O quarto e último degrau do Ocidente é a Prudência, que é a capacidade de sermos ponderados, sensatos e cautelosos. Esta Virtude nos exorta a sermos pacientes, tolerantes com a passagem do tempo necessário à reflexão e nosso amadurecimento antes de tomarmos alguma atitude. Prudente é aquele que age com Temperança, Justiça, Coragem e Tolerância. No antigo Egito a Prudência era simbolizada por uma serpente de três cabeças: uma de cão, simbolizando a paciência; uma de leão, simbolizando a força, e uma de lobo simbolizando a agilidade.

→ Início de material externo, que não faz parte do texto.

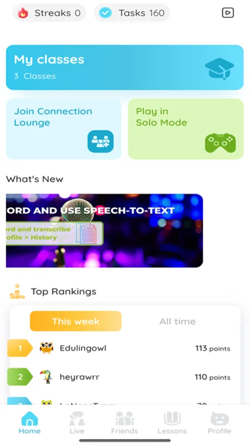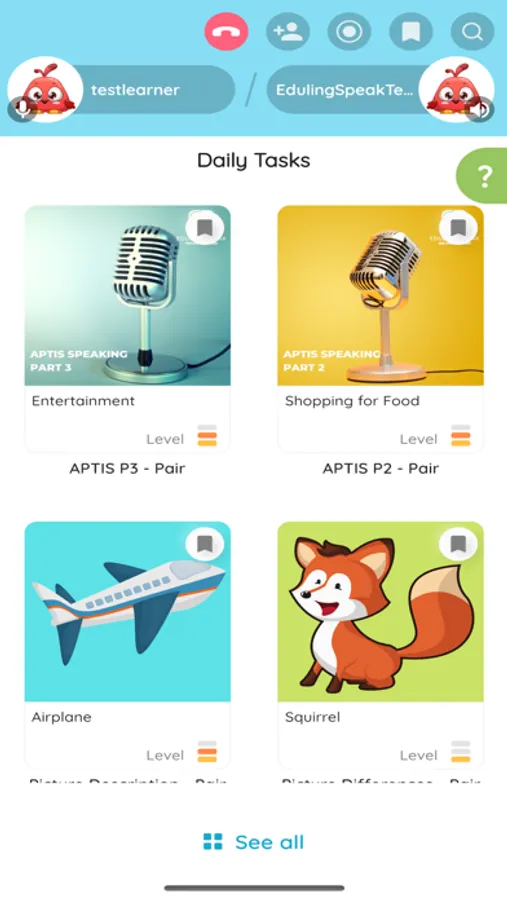 Being first of its kind and endorsed by leading experts in the field of task-based language teaching, Eduling Speak connects English learners to complete a task or game together by speaking in English. You can simply turn on the app, choose a task or game, and wait to be connected with another learner from anywhere in the world. It's convenient, effective, and fun. With 5-10 minutes of talking a day, improvements are guaranteed.

O corpo de serpente simbolizava a astúcia.
Dito isto posso afirmar que apesar da Tolerância não designar nenhum dos degraus do Templo, sem ela não venceríamos nenhum deles sequer.
A Tolerância é algo tão importante para a humanidade que a ONU estabeleceu o dia 16 de novembro como “Dia Internacional da Tolerância”. A Tolerância nada mais é que o respeito pela individualidade do próximo.
Temos o hábito de sermos generosos, tolerantes e indulgentes conosco, mas por vezes falhamos em exercitar esta Virtude com os outros. Na Maçonaria, enquanto o V.I.T.R.I.O.L. nos exorta a olhar para nosso interior, a Tolerância, como o oposto complementar das lajotas do Pavimento Mosaico, nos impele a olhar para fora, para o Universo a nosso redor.
Sem o exercício da Tolerância não há fraternidade. O Rito Adonhiramita é denominado de “Rito do Amor”, e é a Tolerância, a capacidade que temos em conviver com as diversidades, que permite que a expressão “Amado Irmão” ao invés de um simples vocativo seja a voz de nossos corações.